Of course, during the 1970s the position of Cacciari and Tafuri was still operating within the argument of the force of the worker’s struggles driving capitalism to new strategies. Therefore, despite their use of the canonical figures of Western Marxism this cannot be correlated with a “cunning of (capitalist) reason” pessimism of the kind that might be said to characterise certain moments in Adorno. The strategy of completed nihilism is not simply fulfilling capitalism because capitalism itself is “powered” by crisis, i.e. class struggle. In a sense to “fulfill” capitalism is to negate it, as capital itself is “merely” the management of crisis. We could of course say, despite appearances…

The difficulty of this position of radical realism is that which assailed Lukács – “the reconciliation with reality” leading to disastrous political acceptance of the “real as rational” (in Lukács case Stalinism). The shift re-entry into the PCI was part of this realism: the PCI being the “modern katechon”. Cacciari’s later shifting into a more full-blown mysticism (turning Benjamin’s uneasy coordination of Marxism and mysticism into an internal rupture) correlates, as I have argued elsewhere, with those predominantly French theoretical currents that made the move into the “saving power” of the tout Autre.

In fact, one might argue that Lyotard is a close point of comparison: political militancy, radical accelerationism in which capital “is the unbinding of the most insane pulsions” (Lyotard 138), before shifting to radicalised alterity. The key difference is that Cacciari never had any truck with Deleuzo-Guattarian style philosophies of desire.

In a way Cacciari’s path, as much as I am able to reconstruct it, indicates the difficulty of detaching negative thought from collapsing back into the (operant) negativity of capital.
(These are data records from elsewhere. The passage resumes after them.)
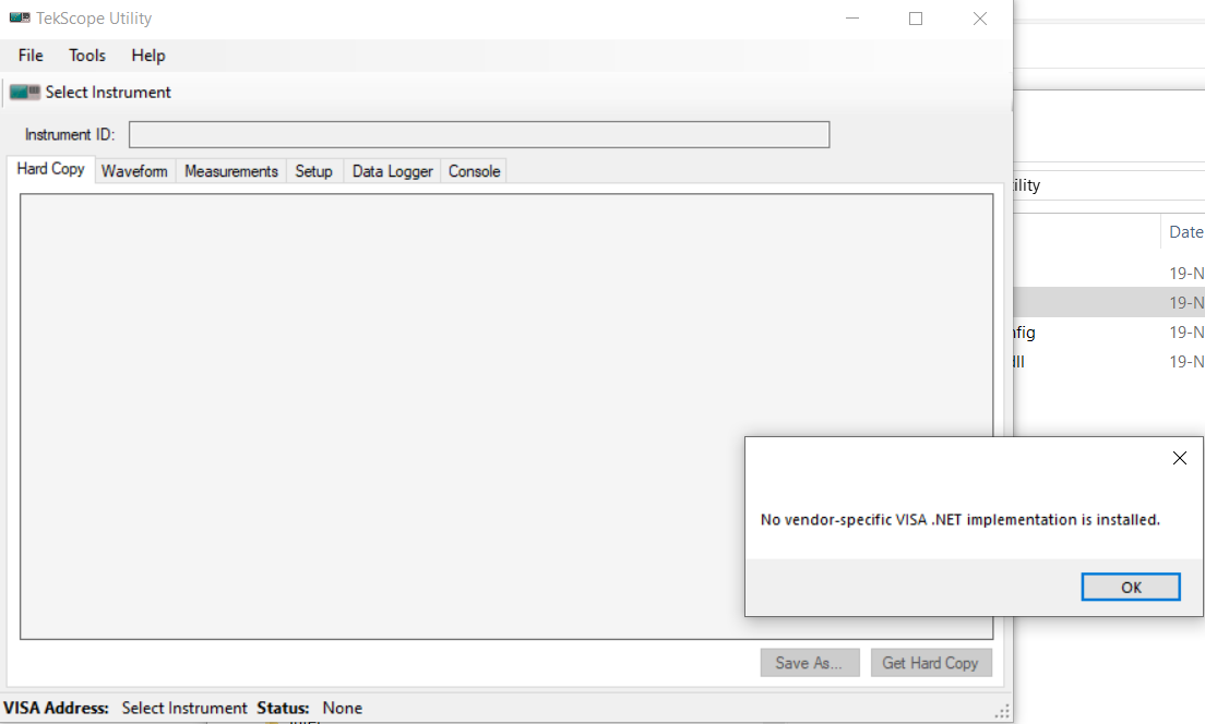 Unfortunately, the TekScope Utility shows an error message of "No vendor-specific .NET implementation is installed."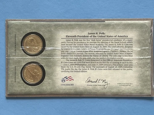 James Polk $1 First Day Mint, Postmark: 1st Day Issue 8/20/09, Columbia, TN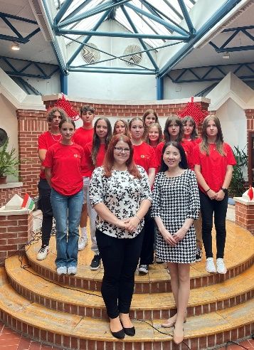 当天下午,陈昆参赞一行还到访兹瑞尼中学(Zrínyi IIona Gimnázium),参加了2022-2023学年首届汉语专业开学典礼和学校多媒体绿幕教室揭牌仪式。汉语作为第一外语被纳入该中学的课程体系,成为载入米市教育发展史的重大事件,对该地区汉语教学起到示范作用,也标志着米什科尔茨大学孔子学院秉持的汉语教育本土化发展理念,得到了米市政府和社会力量的大力支持,国际中文教育事业进入了全新发展阶段。12位兹瑞尼中学生主修汉语专业,开始系统地学习汉语。他们踌躇满志的学习状态正如国际中文教育事业的海外发展愿景一样,让人抱有无尽期待。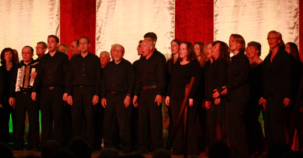 Was folgte war ein Bühnenprogramm von leisen Tönen bis hin zu fetzigen Popsongs und Gassenhauern, die das Publikum kaum auf den Stühlen hielt. Perfektioniert wurde die Bühnenpräsentation durch phantasievoll eingebrachte Lichteffekte. Alle Chorformationen hatten ihre Darbietungen passend in Szene gesetzt. Das hatte nichts mehr mit den eher angestaubten Chorkonzerten zu tun!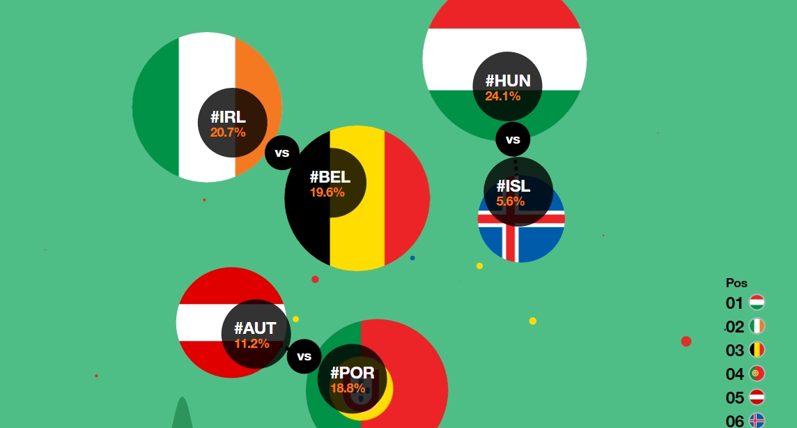 Az Orange nevű cég játékában az Európa-bajnokság alatt minden nap annak a válogatottnak a színeivel világítják ki az Eiffel-tornyot, amelynek a nevét a legtöbb alkalommal említik Twitteren, Facebookon vagy Instagramon.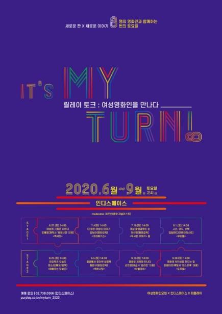 여성영화인모임, 인디스페이스, 퍼플레이가 공동 기획한 'It's MY turn! 릴레이 토크 : 여성영화인을 만나다'(이하 ‘It's MY turn!’)가 2020년 6월부터 9월까지 총 8회, 토요일 2시에 인디스페이스에서 열린다.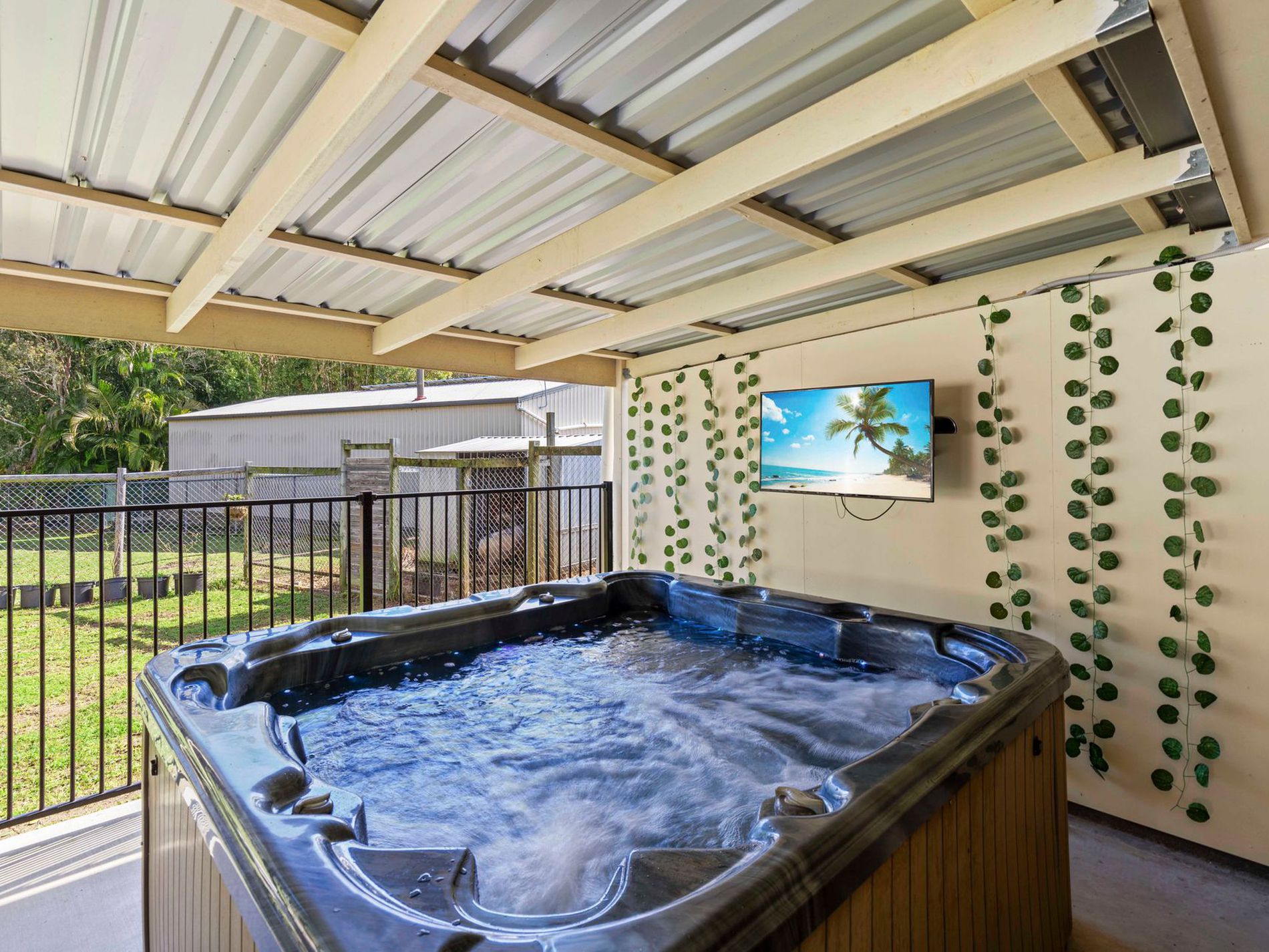 - Outdoor Entertaining Area with Spa Bath and Mounted TV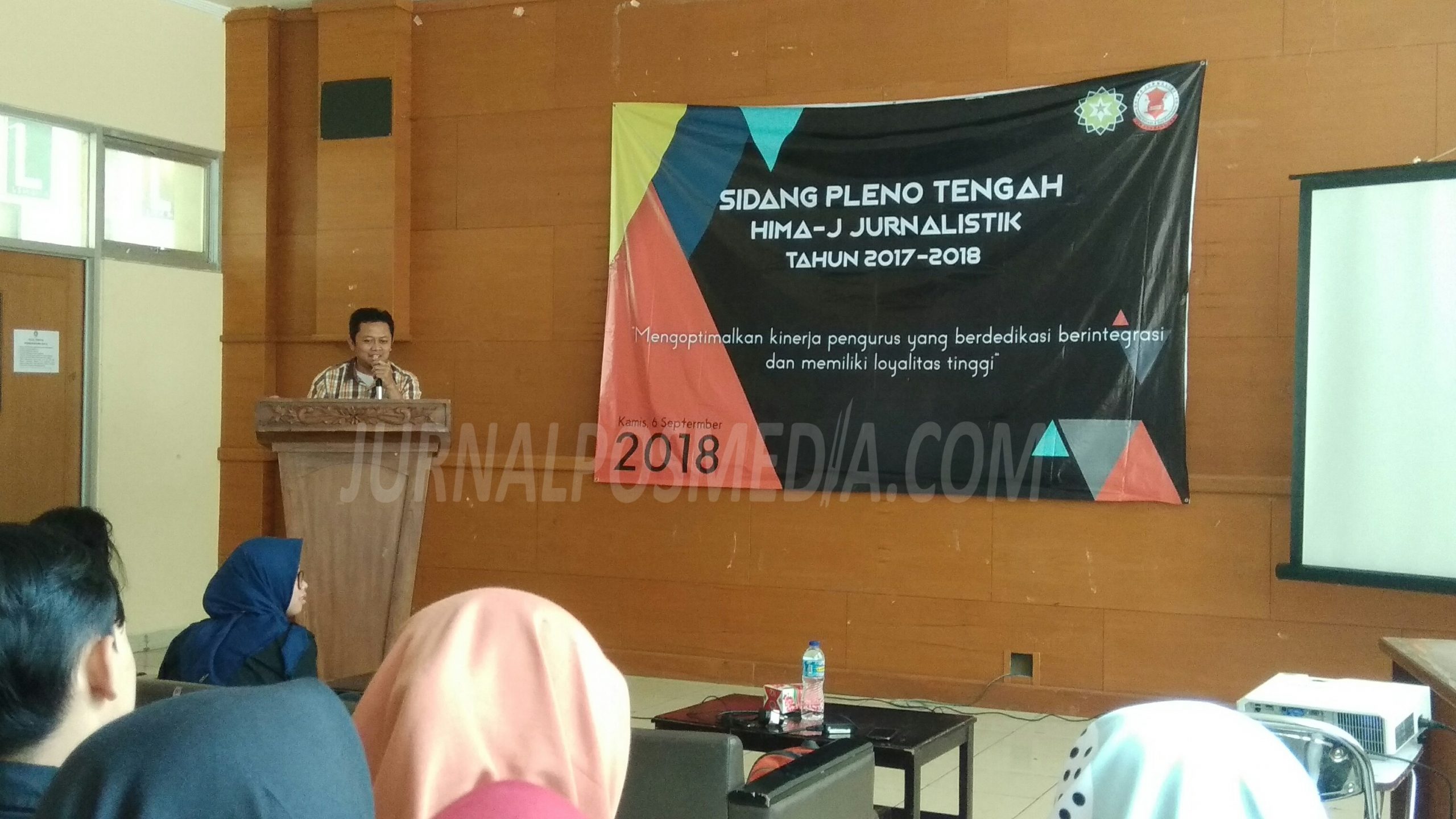 JURNALPOSMEDIA.COM –Berjalan setengah periode kepengurusan, Hima-J Jurnalistik kembali mengadakan Sidang Pleno Tengah Periode 2017/2018 yang mengusung tema “Mengoptimalkan Kinerja Pengurus yang Berdedikasi, Berintegrasi, dan Memiliki Loyalitas Tinggi”, di Aula Student Center, Kamis (6/9/2018).

In a way his thought re-stages the debate between Sartre and Merleau-Ponty concerning the PCF: necessary vector for proletarian “negativity” (Sartre) or doomed to re-compose mere “functionaries of the negative” (Merleau-Ponty). In the current context, lacking such referents, this question of the negative versus the “dialectic of the negative” is posed with all the more urgency, but all the more problematically.

References
Cacciari, Massimo (1993) Architecture and Nihilism: On the Philosophy of Modern Architecture, trans. Stephen Sartarelli, intro. Patrizia Lombardo. New Haven and London: Yale University Press.
Day, Gail Ann (2005) "Strategies in the metropolitan Merz: Manfredo Tafuri and Italian Workerism", Radical Philosophy 133: 26-38.
Lyotard, Jean-François [1974] (1993) Libidinal Economy, trans. Iain Hamilton Grant. London: Athlone.
Marx, Karl, and Friedrich Engels (1848) "The Manifesto of the Communist Party", Marxists Internet Archive.
Tafuri, Manfredo (1976) Architecture and Utopia: Design and Capitalist Development, trans. Barbara Luigia La Penta. Cambridge, Mass. and London: The MIT Press.